**Required work**: Could you copy exactly the lines below, beginning at the line with "These long, rectangular, Nalbari" and stopping after the line with "Nun öffnet sich", with no pictures?

**Records supplied**:
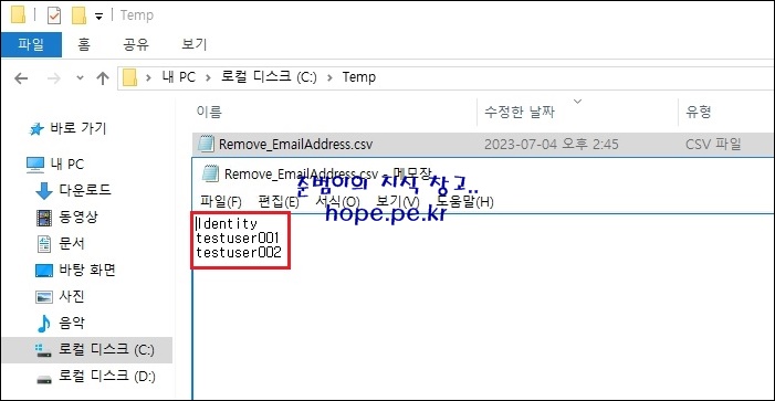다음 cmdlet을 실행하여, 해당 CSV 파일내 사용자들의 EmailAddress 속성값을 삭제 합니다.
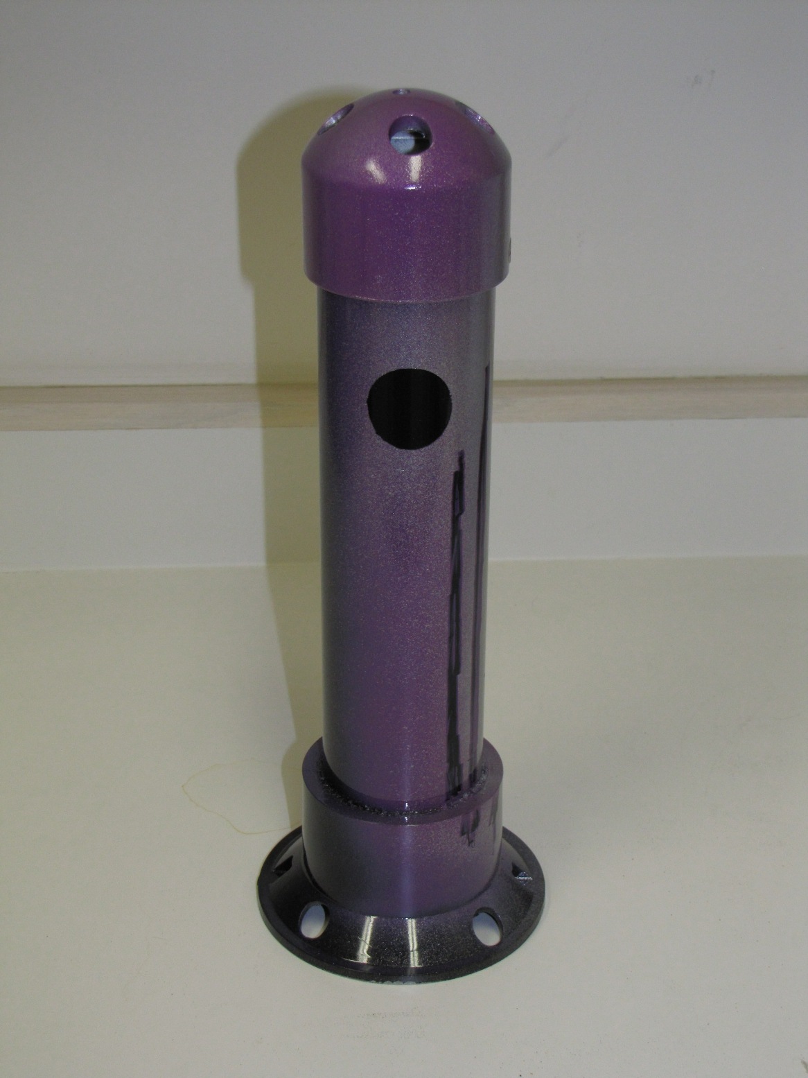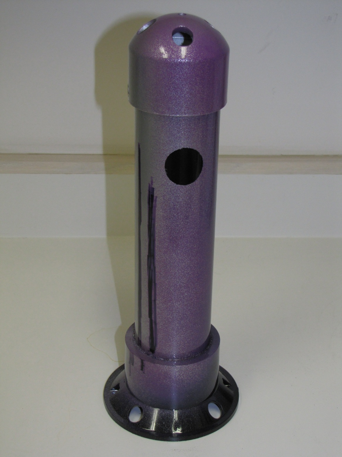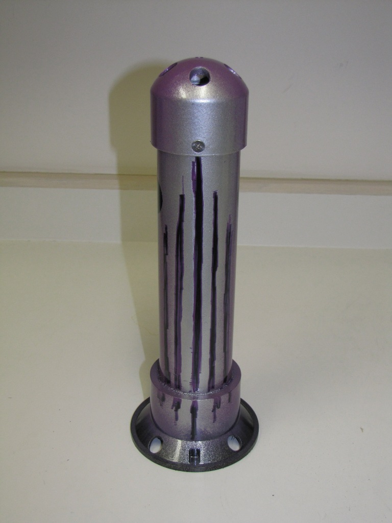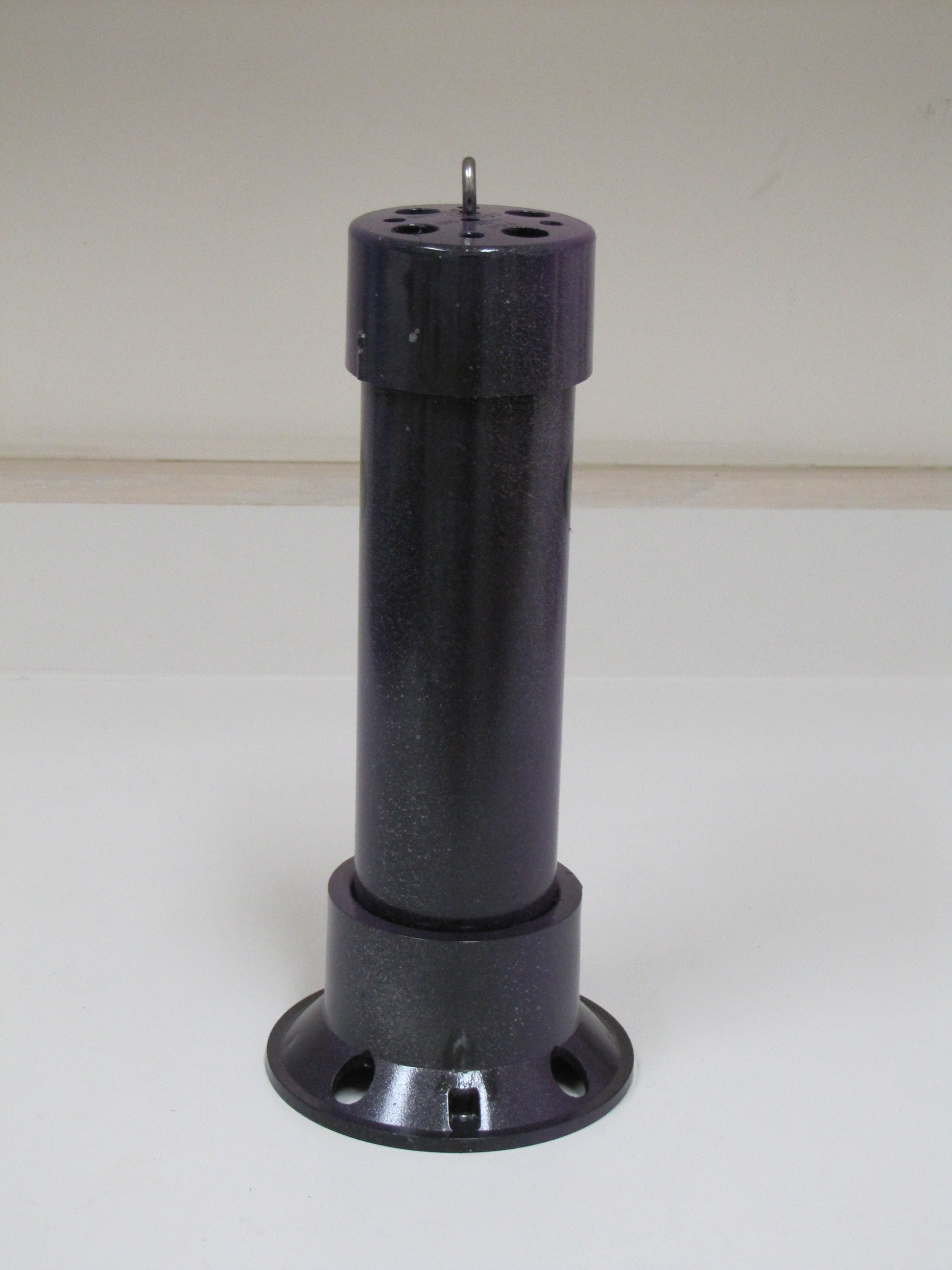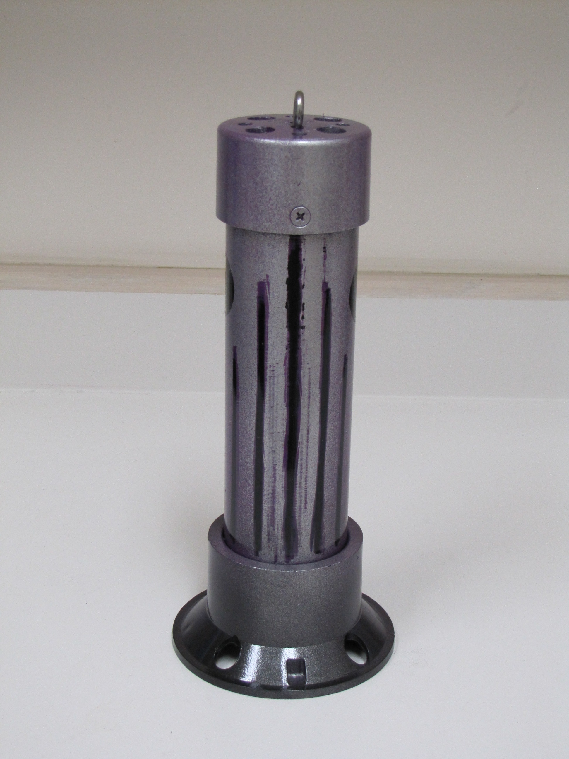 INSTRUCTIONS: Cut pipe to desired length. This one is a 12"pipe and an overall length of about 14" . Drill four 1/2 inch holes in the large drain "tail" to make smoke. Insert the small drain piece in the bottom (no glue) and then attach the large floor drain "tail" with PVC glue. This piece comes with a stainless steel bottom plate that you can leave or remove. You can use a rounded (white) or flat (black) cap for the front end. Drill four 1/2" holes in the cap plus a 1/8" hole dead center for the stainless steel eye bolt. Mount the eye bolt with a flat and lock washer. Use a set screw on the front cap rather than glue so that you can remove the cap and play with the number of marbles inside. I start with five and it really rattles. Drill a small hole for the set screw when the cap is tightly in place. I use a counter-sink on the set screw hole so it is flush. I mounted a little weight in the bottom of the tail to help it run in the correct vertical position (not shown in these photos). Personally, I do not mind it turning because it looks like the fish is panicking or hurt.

* * *

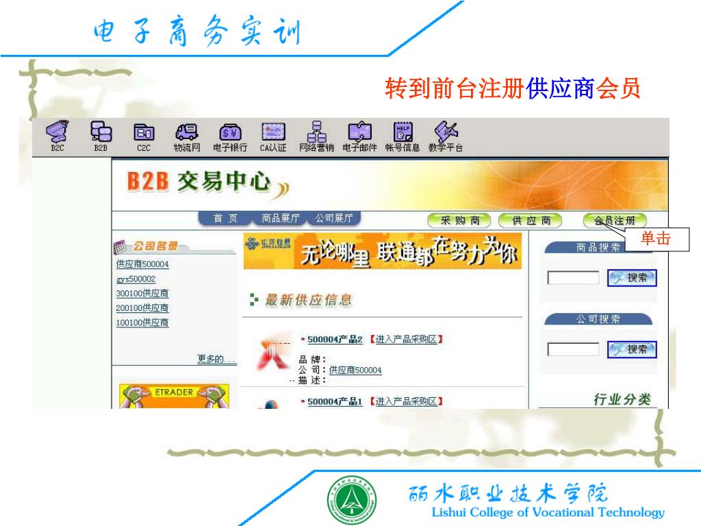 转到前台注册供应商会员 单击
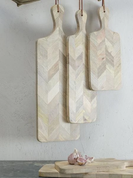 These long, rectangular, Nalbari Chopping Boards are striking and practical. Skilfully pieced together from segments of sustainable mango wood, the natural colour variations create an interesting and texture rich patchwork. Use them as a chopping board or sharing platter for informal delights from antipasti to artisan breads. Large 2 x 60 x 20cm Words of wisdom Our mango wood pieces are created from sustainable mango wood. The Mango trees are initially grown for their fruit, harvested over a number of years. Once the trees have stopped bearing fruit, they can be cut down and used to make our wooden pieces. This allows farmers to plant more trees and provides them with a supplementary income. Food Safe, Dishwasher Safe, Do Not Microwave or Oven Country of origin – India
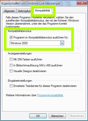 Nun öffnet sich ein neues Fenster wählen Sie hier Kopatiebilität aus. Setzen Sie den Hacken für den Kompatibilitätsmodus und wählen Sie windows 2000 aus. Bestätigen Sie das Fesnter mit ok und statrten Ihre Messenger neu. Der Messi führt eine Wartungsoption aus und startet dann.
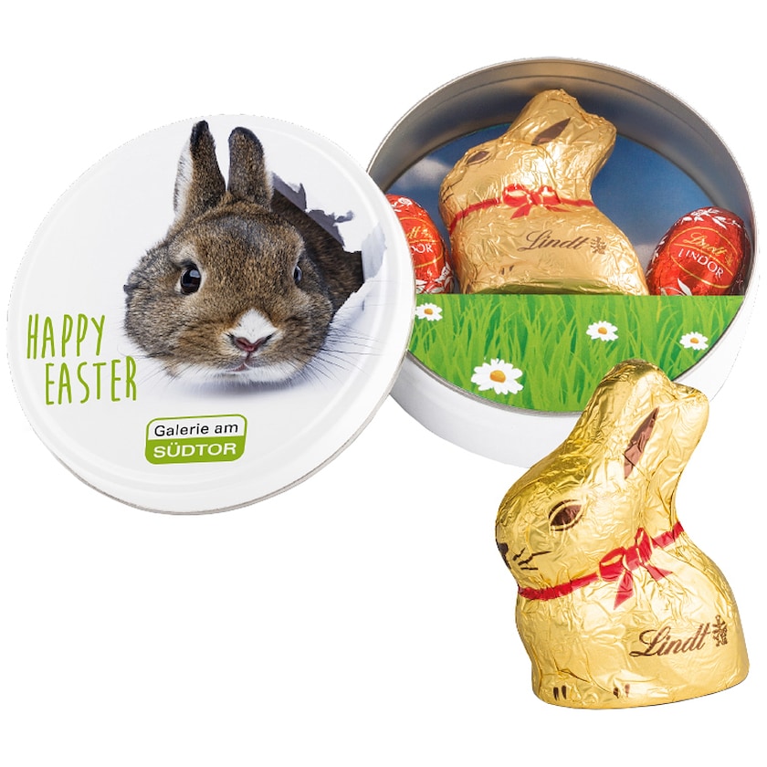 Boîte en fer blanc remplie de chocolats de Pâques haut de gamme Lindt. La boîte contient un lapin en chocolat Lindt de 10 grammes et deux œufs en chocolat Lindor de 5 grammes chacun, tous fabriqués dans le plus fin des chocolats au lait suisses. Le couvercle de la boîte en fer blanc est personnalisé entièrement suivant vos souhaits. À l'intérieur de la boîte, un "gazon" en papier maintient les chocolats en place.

**Solved exercise**:
 These long, rectangular, Nalbari Chopping Boards are striking and practical. Skilfully pieced together from segments of sustainable mango wood, the natural colour variations create an interesting and texture rich patchwork. Use them as a chopping board or sharing platter for informal delights from antipasti to artisan breads. Large 2 x 60 x 20cm Words of wisdom Our mango wood pieces are created from sustainable mango wood. The Mango trees are initially grown for their fruit, harvested over a number of years. Once the trees have stopped bearing fruit, they can be cut down and used to make our wooden pieces. This allows farmers to plant more trees and provides them with a supplementary income. Food Safe, Dishwasher Safe, Do Not Microwave or Oven Country of origin – India
 Nun öffnet sich ein neues Fenster wählen Sie hier Kopatiebilität aus. Setzen Sie den Hacken für den Kompatibilitätsmodus und wählen Sie windows 2000 aus. Bestätigen Sie das Fesnter mit ok und statrten Ihre Messenger neu. Der Messi führt eine Wartungsoption aus und startet dann.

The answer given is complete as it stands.